TRIPOLI — The death of Muammar Gaddafi will be regarded as a victory for the Libyan people, Nato and democracy.

But euphoria at the demise of a dictator should not disguise the problems faced by the new Libyan government in cementing peace, rebuilding and implementing good governance in the north African nation, analysts said.

And the manner of Gaddafi’s death risks turning a despot into a martyr, providing a focus for opposition to the new government.

Gaddafi was killed by fighters who overran his home town and final bastion of Sirte last Thursday.
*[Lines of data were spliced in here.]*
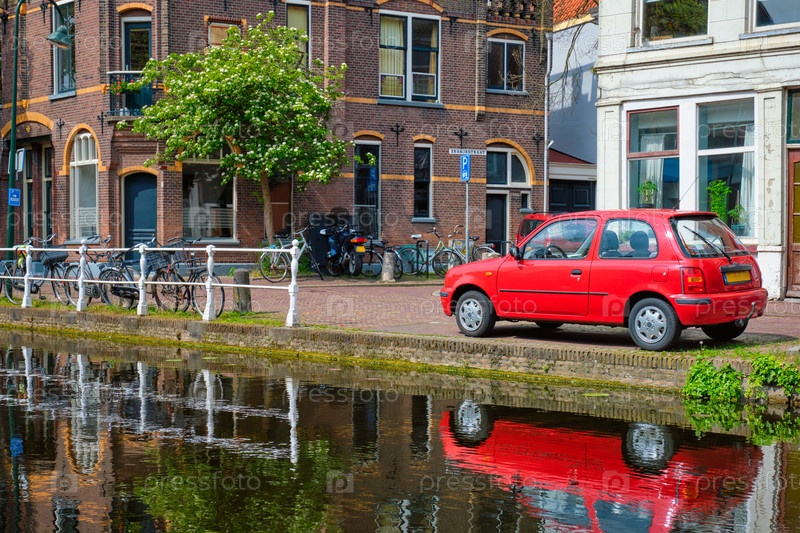 Автомобили на набережной канала на улице Делфт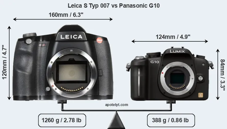 If the front view area (width x height) of the cameras is taken as an aggregate measure of their size, the Panasonic G10 is considerably smaller (46 percent) than the Leica S Typ 007. Moreover, the G10 is substantially lighter (69 percent) than the S Typ 007. It is worth mentioning in this context that the S Typ 007 is splash and dust resistant, while the G10 does not feature any corresponding weather-sealing.
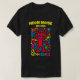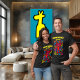 This radiant red neon alien with playful antennae and a wide pink smile beams with quirky energy. Surrounded by colourful abstract symbols on black, it’s a funky pop art design perfect for festivals, streetwear, or anyone who loves bold and cheerful statement t-shirts.
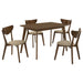 It’s easy to enjoy mid-century modern style in small spaces with this five-piece dining table set. A sleek and simplistic dining table is constructed with a rectangular tabletop and tapered legs, while four chestnut dining chairs incorporate everything that you love about mid-century modern design. The iconic half-moon shaped backrest complements the eye-catching triangular cushion. Each cushion is upholstered in leatherette with tan color. Coming in the same style as a table, four dining chairs are supported on tapered legs.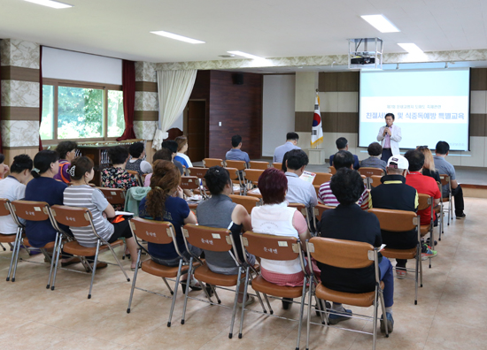 | ↑↑ 둔내면외식업분회(회장 최진구)는 제7회 둔내고랭지토마토축제 성공개최를 위해 지난 1일 오후 3시 둔내면행정복지센터 2층 회의실에서 둔내면외식업협회 회원 47명이 참석한 가운데 친절교육을 실시했다. |

Nato accelerated the collapse of the Libyan regime by undertaking air raids on Gaddafi’s forces in defence of civilians.

“It’s a definitive victory for Nato, which supported the rebels and marks the end of its mission,” said Axel Poniatowski, president of the French parliament’s foreign affairs committee. “The urgency now in Libya is to disarm the various sides and put in place the democratic process.”
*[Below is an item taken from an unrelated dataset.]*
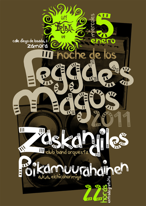 «Un año más nos complace presentar La Noche de los Reggae’s Magos 2011 en el Bar Tribal, Zamora, el próximo 5 de Enero, a partir de las 23:00 con las actuaciones, como es tradición, de Zaskandiles Club Band Orquesta, con su inconfundible ska-reggae-circus y Poikamuurahainen, seleccionando el mejor ska-rocksteady-roots-dub-dancehall.»

François Heisbourg, chairman of the International Institute of Strategic Studies, said Nato’s impact on the Libya conflict would give a temporary boost to its self-confidence.

“Libya for the alliance was a rather welcome moment as it made everybody forget about Afghanistan for a few brief months,” Heisebourg said. “Now, once again Nato is going to be exposed to the Afghan dossier and that’s not in great shape to put it mildly.”

Analysts stressed the National Transitional Council (NTC), which led resistance to Gaddafi, had won the war, but would need to act quickly and decisively to take advantage of the peace.

Tribal differences, disputes between militia leaders and the expected involvement of exile groups would complicate the NTC’s task.

“The real battle begins now to rein in the so-called thuwwar (rebels), and integrate them under the legal umbrella of the state in one of its various bureaucracies, army or police,” said Larbi Sadiki, expert on North African politics at Exeter University.

“There remains the biggest challenge of all — reconstruction and the battle for good government and equitable and sustainable development.”

The vast array of weapons in Libya constituted a major problem for the new government whose actions towards the defeated pro-Gaddafi troops will have a major effect on how quickly the country recovers, and how peacefully that happens.

Brigadier Ben Barry, from the International Institute for Strategic Studies, said the NTC will have to consider “how to disarm, demobilise and integrate the various armed groups that have contributed to Gaddafi’s downfall into new national security structures”.

“This is an end of one era, but the fight over the new government has started already,” said Ali Abdullatif Ahmida of the University of New England.

“It all depends on how the NTC leadership heals the country and reconciles people . . . or takes revenge and settles scores. That may be a dangerous road.”
Shashank Joshi, of the Royal United Services Institution, said the chances of a revolt by pro-Gaddafi forces was small.

“Libya is not a viable country for a major insurgency. I think you will see resistance in places, and you will see tensions flare up between the interim authorities and militias, but it won’t be anything resembling a counter-revolution.”

Many analysts said the manner of Gaddafi’s death, after his capture by rebel forces, could come back to haunt the NTC.

“Gaddafi is now a martyr and thus can become the rallying point for irredentist or tribal violence, perhaps not in the immediate future, but in the medium to long term,” said George Joffe, of Cambridge University.

“The fact that Nato can be blamed for his death is worrying in terms of regional support, and may undermine the legitimacy of the NTC.”

“His death robs the new Libyan government of the opportunity of showing themselves better than he was, but allowing a process of justice to take place,” said Daniel Korski, senior fellow at the European Council on Foreign Relations.

Barry said Gaddafi’s death did not neutralise the threat of residual violence and pointed to the example of Iraq. “We should remember that the capture of Saddam Hussein in 2003 did not take the wind out of the Iraqi insurgency. The subsequent execution appeared vindictive to the Sunnis.”

But Shashank Joshi, of the Royal United Services Institution, said the chances of a revolt by pro-Gaddafi forces appeared small.